**Task description**:
The material below holds pictures; leave them out and reproduce exactly the lines from the one with "Under the climate" through the one with "Een sollicitatiegesprek is", inclusive.

**Data shown**:
___
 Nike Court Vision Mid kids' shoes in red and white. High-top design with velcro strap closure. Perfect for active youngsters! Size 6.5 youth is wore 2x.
___
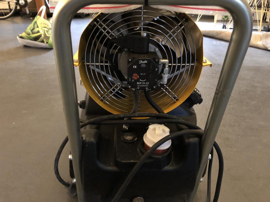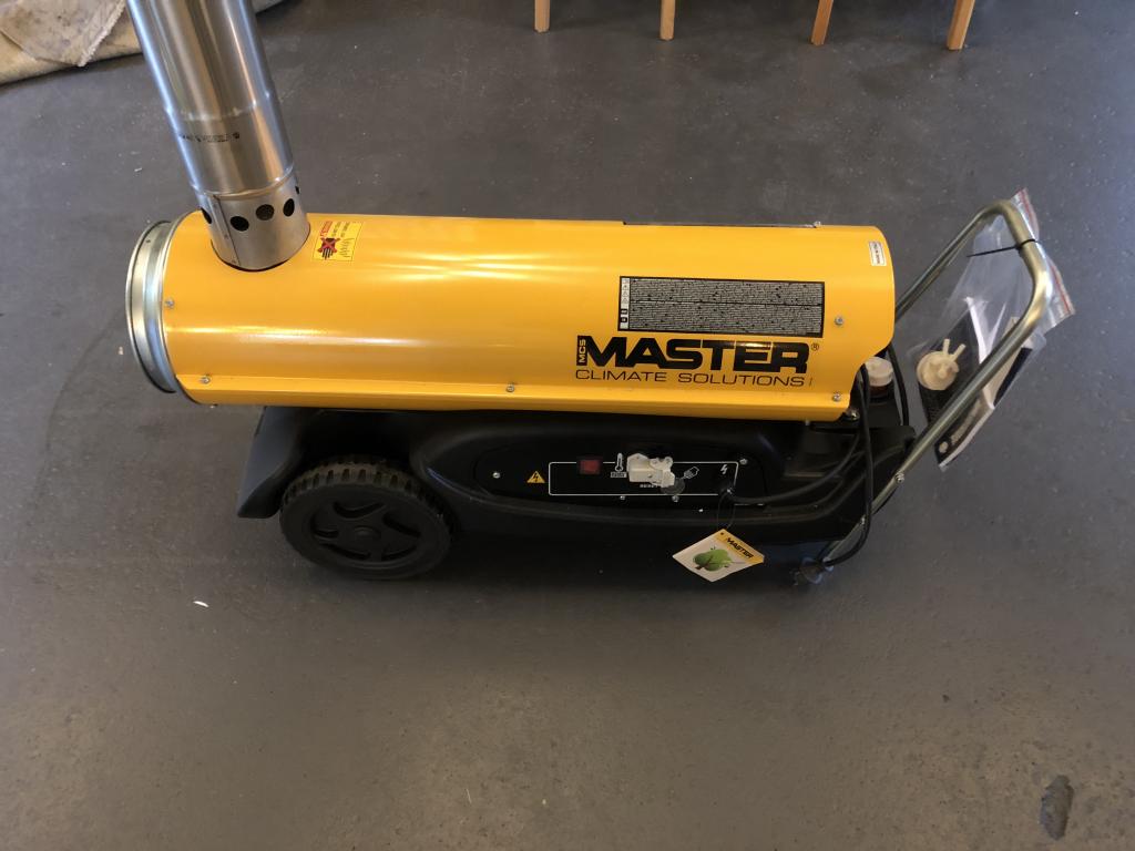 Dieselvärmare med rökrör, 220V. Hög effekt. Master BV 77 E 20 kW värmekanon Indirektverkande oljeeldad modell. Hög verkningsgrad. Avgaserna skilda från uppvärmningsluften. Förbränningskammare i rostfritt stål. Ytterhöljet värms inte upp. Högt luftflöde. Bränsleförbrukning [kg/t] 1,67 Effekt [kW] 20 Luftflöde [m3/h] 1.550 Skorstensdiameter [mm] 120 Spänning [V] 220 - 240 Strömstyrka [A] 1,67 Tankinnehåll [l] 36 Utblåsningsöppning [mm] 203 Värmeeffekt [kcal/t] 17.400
___
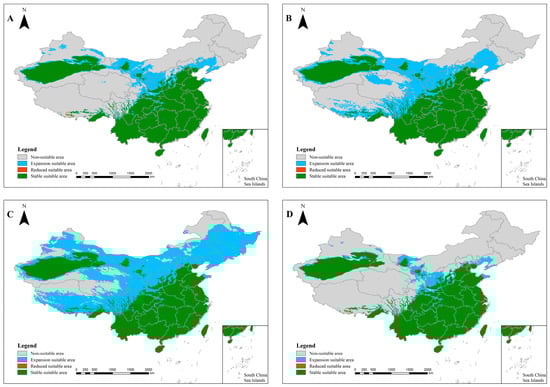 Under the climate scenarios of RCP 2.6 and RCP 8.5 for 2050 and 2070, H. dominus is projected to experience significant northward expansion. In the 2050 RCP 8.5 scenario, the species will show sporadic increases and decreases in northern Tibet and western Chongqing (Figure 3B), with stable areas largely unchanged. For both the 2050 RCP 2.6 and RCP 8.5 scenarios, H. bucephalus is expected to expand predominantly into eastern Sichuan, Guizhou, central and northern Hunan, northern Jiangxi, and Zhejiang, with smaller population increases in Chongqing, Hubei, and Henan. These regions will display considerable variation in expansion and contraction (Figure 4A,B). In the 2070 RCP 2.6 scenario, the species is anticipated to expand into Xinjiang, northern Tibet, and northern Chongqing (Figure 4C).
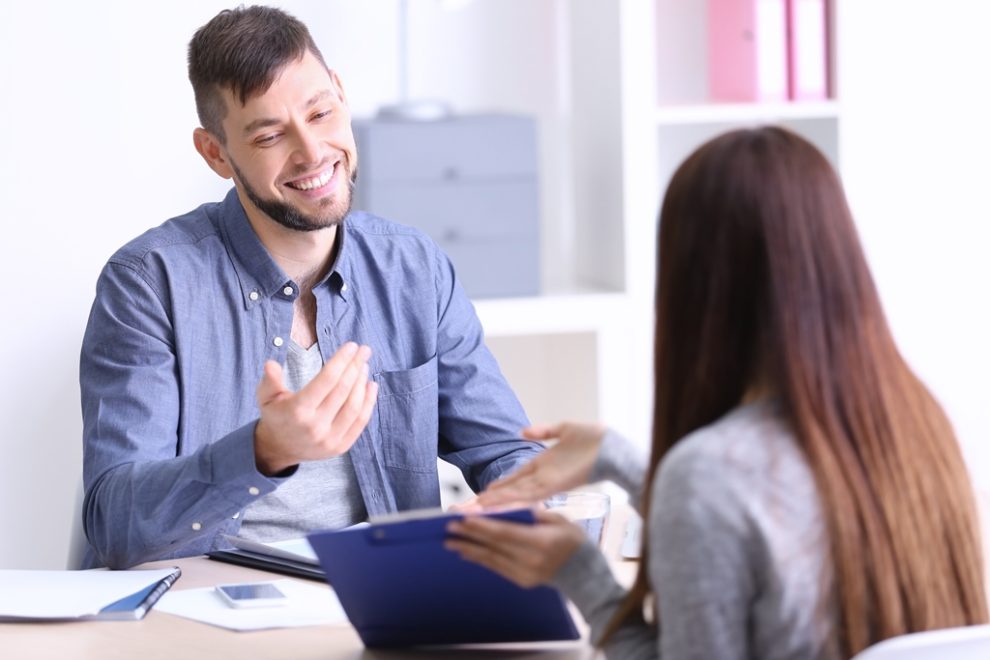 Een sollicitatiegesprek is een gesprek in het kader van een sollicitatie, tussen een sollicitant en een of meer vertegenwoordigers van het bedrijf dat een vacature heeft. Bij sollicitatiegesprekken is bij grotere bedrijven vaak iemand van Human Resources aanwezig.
___
**Completed exercise**:
 Under the climate scenarios of RCP 2.6 and RCP 8.5 for 2050 and 2070, H. dominus is projected to experience significant northward expansion. In the 2050 RCP 8.5 scenario, the species will show sporadic increases and decreases in northern Tibet and western Chongqing (Figure 3B), with stable areas largely unchanged. For both the 2050 RCP 2.6 and RCP 8.5 scenarios, H. bucephalus is expected to expand predominantly into eastern Sichuan, Guizhou, central and northern Hunan, northern Jiangxi, and Zhejiang, with smaller population increases in Chongqing, Hubei, and Henan. These regions will display considerable variation in expansion and contraction (Figure 4A,B). In the 2070 RCP 2.6 scenario, the species is anticipated to expand into Xinjiang, northern Tibet, and northern Chongqing (Figure 4C).
 Een sollicitatiegesprek is een gesprek in het kader van een sollicitatie, tussen een sollicitant en een of meer vertegenwoordigers van het bedrijf dat een vacature heeft. Bij sollicitatiegesprekken is bij grotere bedrijven vaak iemand van Human Resources aanwezig.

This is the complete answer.